With the above transit model, we can have an equal number of transit and non-transit light curves to be used as the input of deep learning models. For the transit ones, a light curve of ten transit periods is employed as a standard input. Our transit period is set to be less than 8.4 days. Thus, ten times of it is less than 84 days, which is consistent with the maximum length of Kepler light curves in each quarter.

The input data is the flux value of each point in interpolated light curves. We use 4000 points as an input in this work. The transit periods are known to us. We use 400 data points for each period and include ten periods of transit.

5 The Results

5.1 Training, Validation, and Testing Processes

We split data into three parts, training data, validation data, and testing data. The training data is used to train deep learning models. During the training process, the parameters in models will be updated continuously through SGD. We do not input all training data at one time, but input small subsets one by one until all are used. Thus, data is separated into subsets, called mini-batches. We randomly assign 64 light curves to each mini-batch (except the final mini-batch which has less light curves). When all training data have been used, it is called one epoch. Before next epoch starts, the light curves in mini-batches are randomly assigned again. There could be many epochs, and every time right after one epoch is completed, the model is used to predict the answers of the validation data. The percentage of the correct answers is called “accuracy” in this paper. Thus, there is a value of accuracy for each epoch and it leads to a stopping condition of the training process. After $n$ epochs are completed, if all the accuracy of ( $n+1$ )th, ( $n+2$ )th, ( $n+3$ )th, ( $n+4$ )th, ( $n+5$ )th epochs are not larger than the accuracy of $n$ th epoch, the training process stops at the ( $n+5$ )th epoch. Typically, the number of epochs range from 10 to 30, depending on how quick the learning process converges. After that, the deep learning model is settled. It would be used to predict the answers of testing data and the corresponding accuracy would be calculated.

For a given total number of light curves, 80% are used as the training data, 10% are validation data, and the rest 10% are testing data. For all the above three sets of data, a half of light curves are transit samples, and another half is non-transit samples. It is likely that the more total number of light curves we could have, the higher accuracy it could be. However, we would need more computational time for the training process when there are more light curves.

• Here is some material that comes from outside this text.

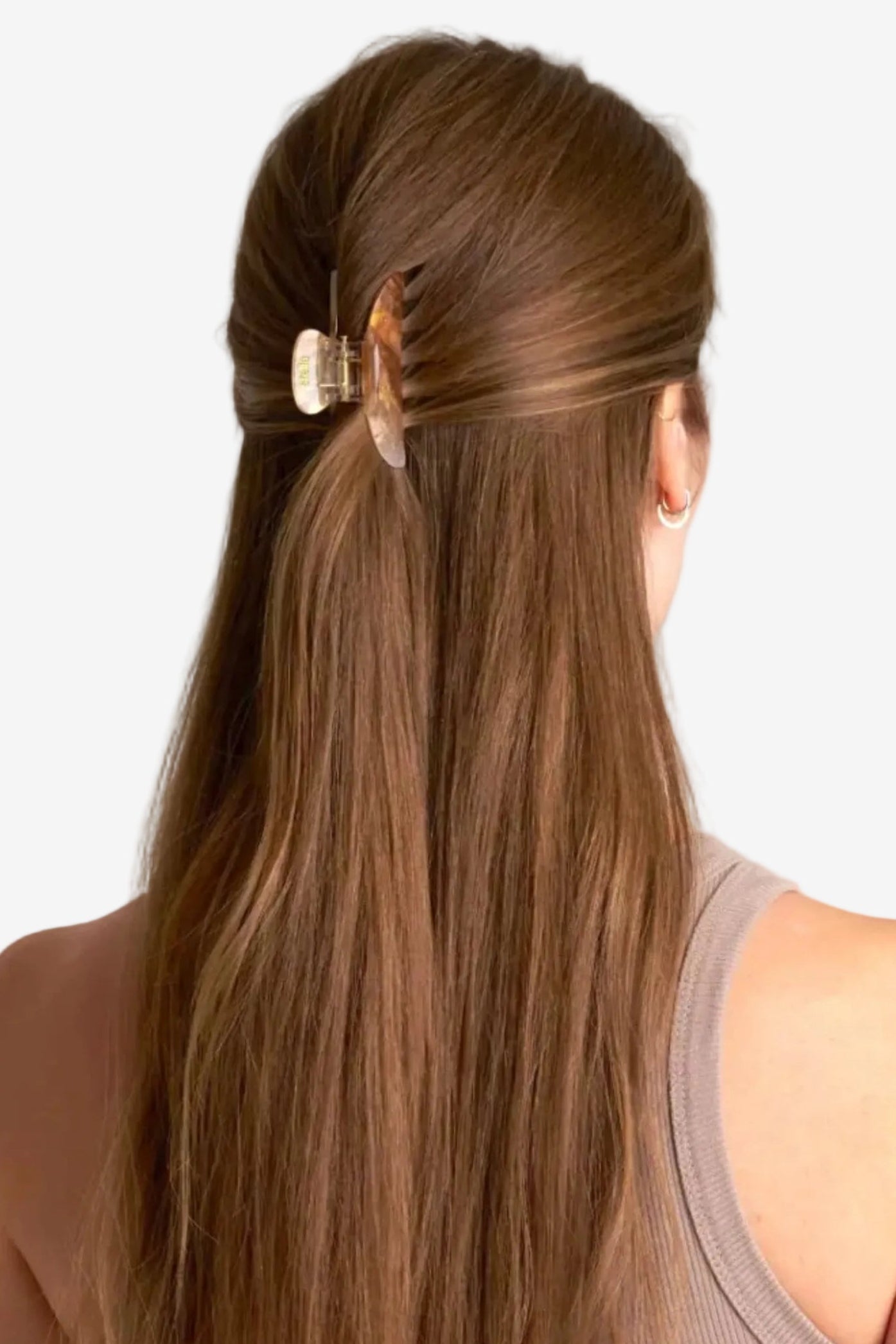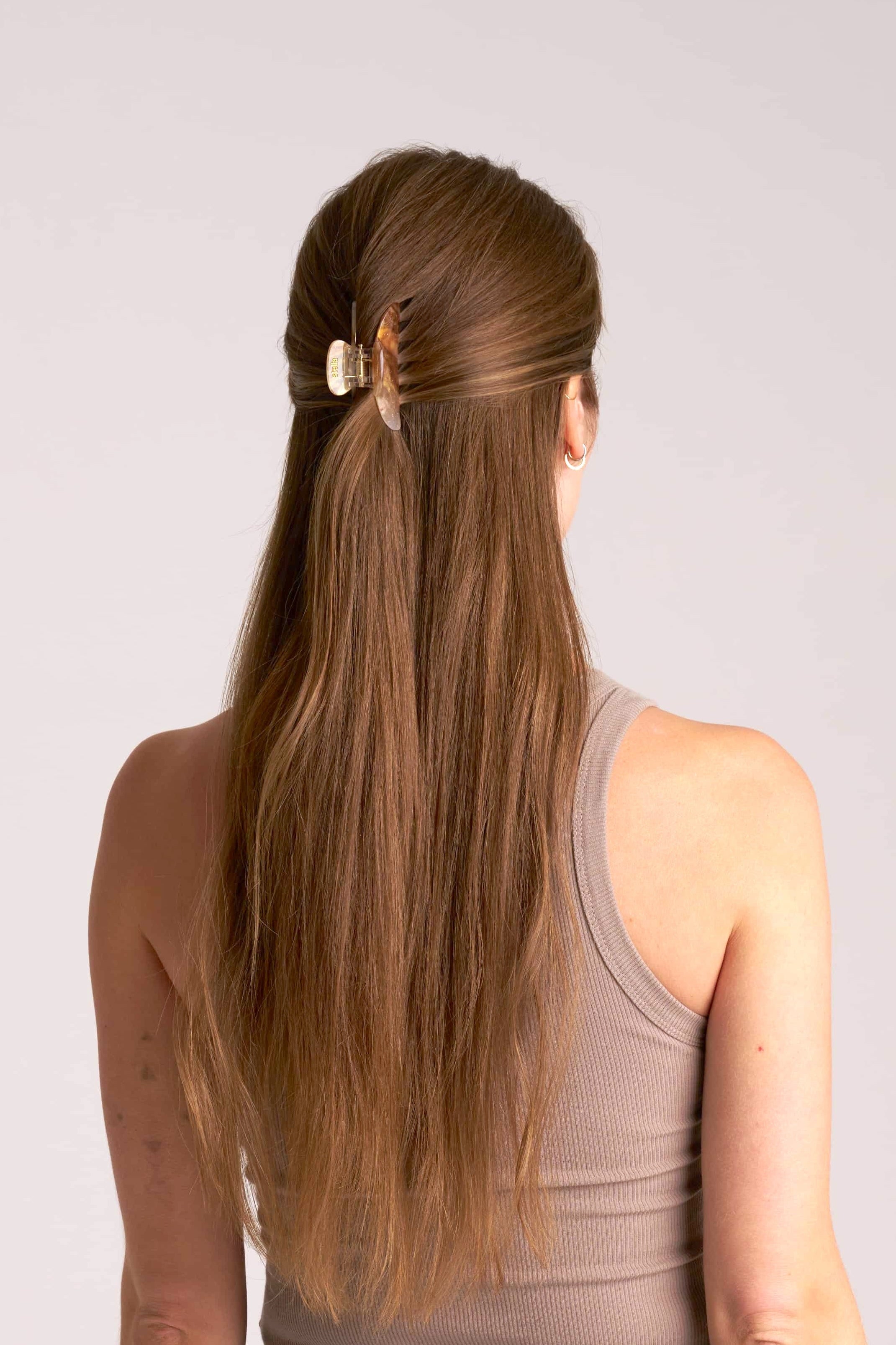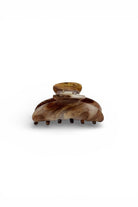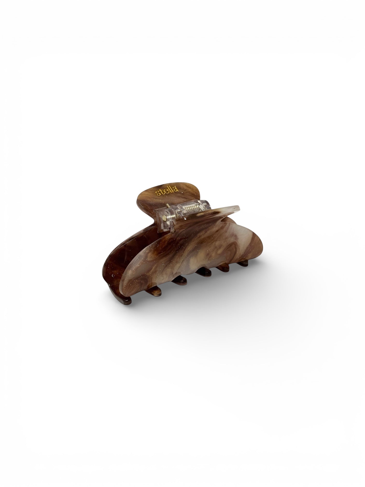 En cappuccinomönstrad hårklämma från Stella Details. Klämman är 7 cm lång och passar framförallt halvuppsättningar.

The learning curve, i.e. the accuracy as a function of the number of training light curves, of Model 5 is presented in Fig. 8. This accuracy is calculated based on testing data after the training process has been done. This whole process is repeated for five times with different sets of validation and testing data (Stone 1974). The median values are used as the results and the standard deviations give the error bars (the results and error bars in later figures are obtained in the same way). In general, the accuracy stop increasing when the the number of training light curves is between 20000 and 40000. Therefore, in this work, we set the total number of sample light curves to be 50000; and among these 50000 light curves, 40000 are chosen to be the training light curves.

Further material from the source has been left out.